Each mess formed one bed; they would spread down on the ground one half
of the blankets, reserving the other half for covering. The covering blankets
were fastened together by skewers, to prevent them from slipping apart.
Thus prepared, the whole party crouched down together with their rifles
in their arms, and their pouches under their heads for pillows; lying spoon
fashion, with three heads one way and four the other, their feet extending
to about the middle of their bodies. When one turned the whole mess turned,
or else the close range would be broken and the cold let in. In this way
they lay till broad daylight, no noise and scarce a whisper being uttered
during the night. When it was perfectly light, Massie would call up two
of the men in whom he had most confidence, and send them to reconnoiter
and make a circuit around the fires, lest an ambuscade might be formed by
the Indians to destroy the party as they returned to the fires. This was
an invariable custom in every variety of weather. Self-preservation required
this circumspection. Some time after this, while surveying on Caesar's Creek,
his men attacked a party of Indians, and the savages broke and fled.

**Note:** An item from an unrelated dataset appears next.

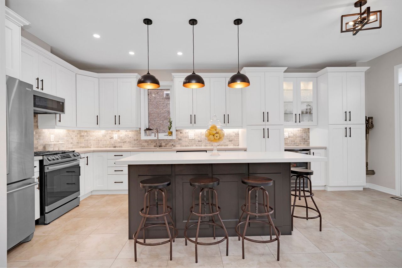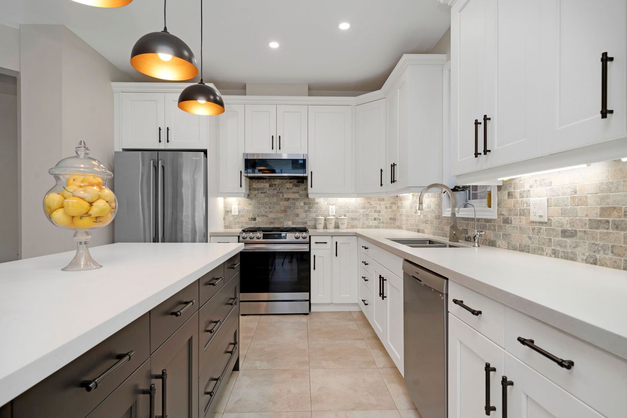 Appliances, Gas Stove, Quartz Counters, Undermount Sink, Pot Lights and extra cupboards. Feat

After the defeat of the Indians by Wayne, the surveyors were not interrupted by the Indians; but on one of their excursions, still remembered as "the starving tour," the whole party, consisting of twenty-eight men, suffered extremely In a driving snow-storm for about four days. They were in a wilderness, exposed to this severe storm, without hut, tent or covering, and what was still more appalling, without provision and without any road or even track to retreat on, and were nearly one hundred miles from any place of shelter. On the third day of the storm, they luckily killed two wild turkeys, which were boiled and divided into twenty-eight parts, and devoured with great avidity, heads, feet, entrails and all.
The dangers of exploration and survey on the west side of the Little Miami were not less. John Filson, who was interested in laying out Cincinnati and who coined the word Losanteville as the name of the projected city, was killed in the winter of 1788-89. He had gone up the Miami Valley some thirty or forty miles with Judge Symmes and others, and, for some cause not now known, left the party for the purpose of returning to the Ohio, and was murdered by the Indians. In the same winter a surveying party was attacked and two men killed. A surveyor named Abner Hunt was killed in the season of 1790-91.